Чего не было, чего нет, о том не тоскуют. Зина росла с пьяницей матерью и отличие её судьбы от других детей и их пьяных родителей была в том, что она, Зина мало была похожа на ребёнка из неблагополучной семьи.
Организованная, чистоплотная, она держала эту нищую хрущевку в такой чистоте, что соседки завидовали. Ещё ребенком, обстирывала себя и мать, готовила еду, и стол обеденный выглядел всегда как праздник. И как успевала? В школе была на виду, круглая отличница - в итоге аттестат с золотой медалью. Тут же, в своём городе, поступила в педагогический. Активная комсомолка. Постоянно ездила на олимпиады математические- и все были уверены - Далеко пойдёт. Талантлива была не только в науках - солистка танцевального ансамбля, поставленной походкой стремительно выходила на аплодисменты зала и со счастливым лицом принимала букеты.
Этой же стремительной походкой, она побежала на первое свидание со студентом параллельного курса, красавцем Григорием. Гагауз по национальности, стройный, со жгучим взглядом и каким-то мужским интригующим превосходством и уверенностью, взял её за руку и повёл за собой. Независимая, и привычная все решения принимать сама , она с тайным желанием ( расслабиться, не решать, не думать, не действовать - отдохнуть и довериться чьей -то заботе) -_,пошла за ним, и уже ни на минуту не представляла себе жизнь без него. Может быть жажда - желание, девочки выросшей без отца.

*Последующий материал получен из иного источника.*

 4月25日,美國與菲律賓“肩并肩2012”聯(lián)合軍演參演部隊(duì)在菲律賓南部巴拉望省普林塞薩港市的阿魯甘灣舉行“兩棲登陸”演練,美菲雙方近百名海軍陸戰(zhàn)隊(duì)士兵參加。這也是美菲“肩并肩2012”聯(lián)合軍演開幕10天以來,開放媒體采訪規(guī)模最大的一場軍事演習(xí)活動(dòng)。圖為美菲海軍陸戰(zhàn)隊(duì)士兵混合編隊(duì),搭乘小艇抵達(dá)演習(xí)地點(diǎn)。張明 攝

Его напористость не осталась без последствий: беременность, до самого крайнего срока возможности что либо предпринять. На окраине, в грязном скособоченном домике, неопрятная тётка влила шприцем керосин. Кровотечение, температура. Один бог знает, как осталась жива. В поликлинику не шла. Стыдно. Комсомолка. Не замужем. Студентка. Позор! Она тогда ещё не понимала, что лишила себя возможности рожать. Навсегда.

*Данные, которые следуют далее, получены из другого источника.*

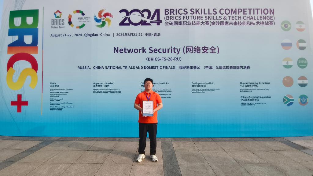 在刚刚落幕的2024金砖国家职业技能大赛网络安全赛项全国选拔赛暨国内决赛中,来自车辆工程系的付海洋同学以卓越的表现荣获二等奖。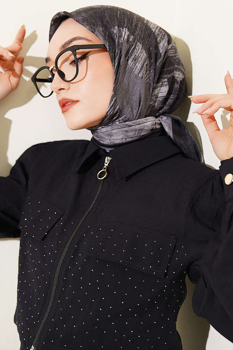 Karışık Desen Bambu Kraş Ayda Eşarp Siyah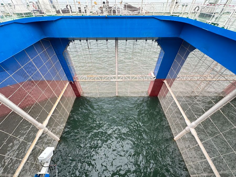 11月19日,全球首创漂浮式动力定位网箱型工船“湛江湾1号”在湛江正式交付,我国现代化海洋牧场建设再增新生力量。湛江湾实验室工作人员向考察团介绍,“湛江湾一号”创新性实现漂浮式动力定位养殖,从而能够摆脱锚固系统的依赖,可以长时间在超过100米水深的水域低功耗运行。同时,船上还配置智能化饲料投喂、渔网清洗、平台监测、养殖监测、无线传输等功能。

Институт они с Григорием закончили одновременно. Добились направления в одну и ту же школу, на окраине республики. Она, преподавателем физики и математики. Он - руский язык и литература. Сняли квартиру рядом со школой. Свадьбу гуляли всем посёлком. Учителя - местная элита.
В тот вечер он напился в первый раз.
- - - - - - - -
Зинаида Семёновна сжала кулаки сложенные на коленях. И память снова и снова раскручивала клубок из секретов, слёз и обманов. Сколько раз она, просыпалась от рыданий, обхватив себя за плечи, раскачиваясь, жалобно шептала: бедная ...бедная...И сказать никому нельзя. Уважаемый преподаватель, видная, образованная. Ученики во все года её педагогической карьеры были влюблены в неё. До сих пор пишут ей поздравительные открытки и встретив на улице - бегут с улыбкой обнять и поздороваться. И никто, никогда не узнает...она никому не расскажет, как он избивал её постоянно. Пил и избивал. Ночами, в пижаме, босиком, по осенней слякоти, бежала в сарай и пряталась за старый хлам, прикусывала руку зубами, чтобы заглушить рыдания.
В школе или не догадывались о его запоях, или дипломатично закрывали глаза. Кто знает? На окраинах не так легко было найти преподавателей. Когда соседи её матери прислали письмо, в котором сообщили, что мать положили в больницу с белой горячкой, она приняла решение - уволившись с работы, вернулась в город, в квартиру её детства, уже заранее зная, ЧТО её ждёт. С ней рядом, в автобусе сидел Гриша- бывший учитель - спившийся, превратившийся в безвольное ничтожество - человек. На развод она не решилась...Это пересуды и перешептывания. И сама от себя скрывая, и тут же признаваясь себе, убеждалась, что всё ещё любит . Любовь была замешана на радости первого чувства к мужчине, на горести разочарования, на слезах обид и физической боли, и на жалости. Жалость преобладала.
Работа для неё сразу же нашлась - должность зав.учебной частью местной школы.
Эта двойная жизнь продолжалась несколько лет. Денег кое-как хватало на содержание себя и двух алкоголиков, которые всеми правдами и неправдами добывали себе деньги на спиртное. Потеряла она их в один день.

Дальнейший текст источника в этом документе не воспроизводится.